A little confused about the networking requirements to use the Roborock Integration. It specifies a port that comms use, but it doesn’t really say which direction/when/why.
Is anyone using this integration with their roborock on a separate VLAN (IoT VLAN)? Curious what I would need to do in order to allow the proper communication between the HA server (default VLAN) and my roborock (IoT VLAN).
Thanks!
Add bi-directional communication between the vacuum and HA on port 58867 to your firewall rules. Make static IPs for both to make the firewall rule easy.
As for “why”, to be honest, it should be self explanatory: To get the status of the vacuum and to let HA control the vacuum.
RE: Why…if it’s “polling” as it says in the category/description, then HA would always be initiating the TCP session, and bi-directional is not necessary. If HA reaches out to the vacuum to poll/query it, then allowing “established” sessions back from the vacuum would be sufficient and far more secure.
You’re assuming that the roborock API has these options.

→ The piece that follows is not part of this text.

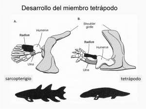 El hecho de que todos los Anfibios, Reptiles y Mamíferos tengan cuatro patas y sólo cuatro, podría en rigor aplicarse, por una pura convergencia, hacia un modo particularmente simple de locomoción (los Insectos, no obstante, nunca tienen menos de seis patas). Pero ¿cómo justificar por razones puramente mecánicas la estructura completamente semejante de estos cuatro apéndices? Por delante, el húmero único; después, los dos huesos del antebrazo, y luego los cinco radios de la mano... ¿No se trata aquí, de nuevo, de una de estas combinaciones accidentales que no pudieron ser autodescubiertas y realizadas más que por una sola vez? Aquí, pues, reaparece de nuevo la conclusión ya instalada en nuestro espíritu, como en el caso de la trituberculia en los Mamíferos. A pesar de su extraordinaria variedad, los animales terrestres pulmonados no representan sino variaciones en andamiaje múltiple de una solución muy particular adoptada por la Vida.
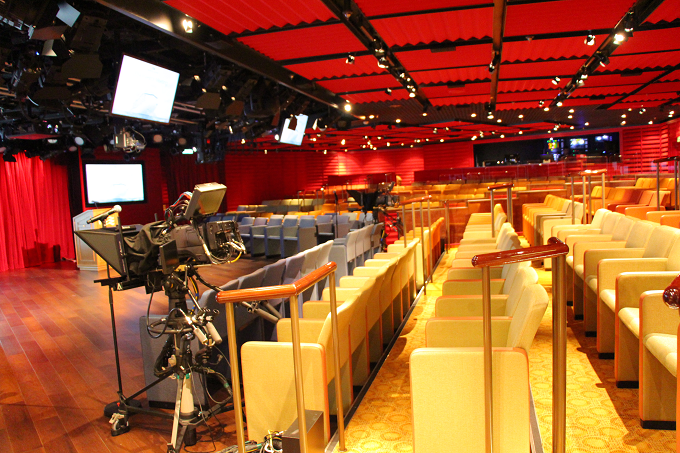洋上初のTVスタジオ「プリンセス・ライブ!」は、朝8時から深夜0時まで番組を放送。

The integration is a polled integration.
Yes, that’s my point. If HA will always be initiating a session (i.e. to poll for status/updates or to send a command), then there is no reason for the vacuum to be able to initiate traffic across the VLAN to the internal network.
The whole point of an IoT VLAN is to prevent those IoT devices from trying to talk to your “more secure”, general network.
Here’s the upstream library that HA uses to connect to the vacuum. HA is limited to what is provided by this library.
If you can come up with a better way to connect, then by all means, contribute to that library to make that happen.
I am. I didnt have to do anything to make it work. In my case it works out of the box. I know that this might be not helpfull to you.
All i done was to add them to vlan ssid and add them again in ha.
Same here. The vacuum has internet access though. I guess that does the trick?